## DATA BLOCK
###

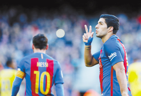 西甲联赛 巴萨大胜拉斯帕尔马斯 新华社马德里1月14日电 巴塞罗那14日在诺坎普以5∶0大胜拉斯帕尔马斯,暂时将在西甲积分榜上与皇马的距离拉近至2分。 尽管伊涅斯塔和内马尔缺阵,但梅西和苏亚雷斯等人的进球还是助巴萨在主场完胜对手。目前,巴萨比皇马多赛两场,在西甲积分榜上暂时以38分位居第二。 巴萨在第13分钟由苏亚雷斯接戈麦斯的传中
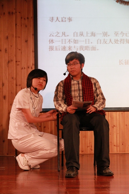 最后一部话剧《暗恋桃花源》改编自赖声川导演的同名作,该作品呈现了奇特的戏剧结构和悲喜交错的观看效果。孙秀林老师再次上场,携其读书小组的八名同学为大家讲述了一个奇特的故事:“暗恋”和“桃花源”是两个不相干的剧组,他们都与剧场签定了当晚彩排的和约,双方争执不下,谁也不肯相让。由于演出在即,他们不得不同时在剧场中彩排,遂成就了一出古今悲喜交错的舞台奇观。现代悲剧和古装喜剧便在舞台上完美交合,美妙地成就了“一个人的想象、两个人的孤单、三个人的桃花源”。
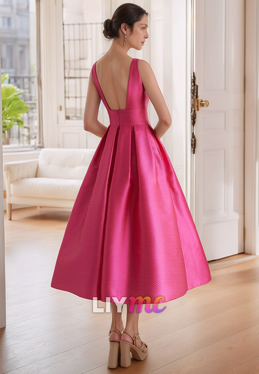 M1293 - V-Neck Sleeveless Sleek Satin Pleated A-Line Mother of Bride Dress Cocktail Dress

###

## EXERCISE OBJECTIVE
What is needed is the whole listing again, exactly as written, with the images left out.

## ANSWER TO THE PROBLEM
 西甲联赛 巴萨大胜拉斯帕尔马斯 新华社马德里1月14日电 巴塞罗那14日在诺坎普以5∶0大胜拉斯帕尔马斯,暂时将在西甲积分榜上与皇马的距离拉近至2分。 尽管伊涅斯塔和内马尔缺阵,但梅西和苏亚雷斯等人的进球还是助巴萨在主场完胜对手。目前,巴萨比皇马多赛两场,在西甲积分榜上暂时以38分位居第二。 巴萨在第13分钟由苏亚雷斯接戈麦斯的传中
 最后一部话剧《暗恋桃花源》改编自赖声川导演的同名作,该作品呈现了奇特的戏剧结构和悲喜交错的观看效果。孙秀林老师再次上场,携其读书小组的八名同学为大家讲述了一个奇特的故事:“暗恋”和“桃花源”是两个不相干的剧组,他们都与剧场签定了当晚彩排的和约,双方争执不下,谁也不肯相让。由于演出在即,他们不得不同时在剧场中彩排,遂成就了一出古今悲喜交错的舞台奇观。现代悲剧和古装喜剧便在舞台上完美交合,美妙地成就了“一个人的想象、两个人的孤单、三个人的桃花源”。
 M1293 - V-Neck Sleeveless Sleek Satin Pleated A-Line Mother of Bride Dress Cocktail Dress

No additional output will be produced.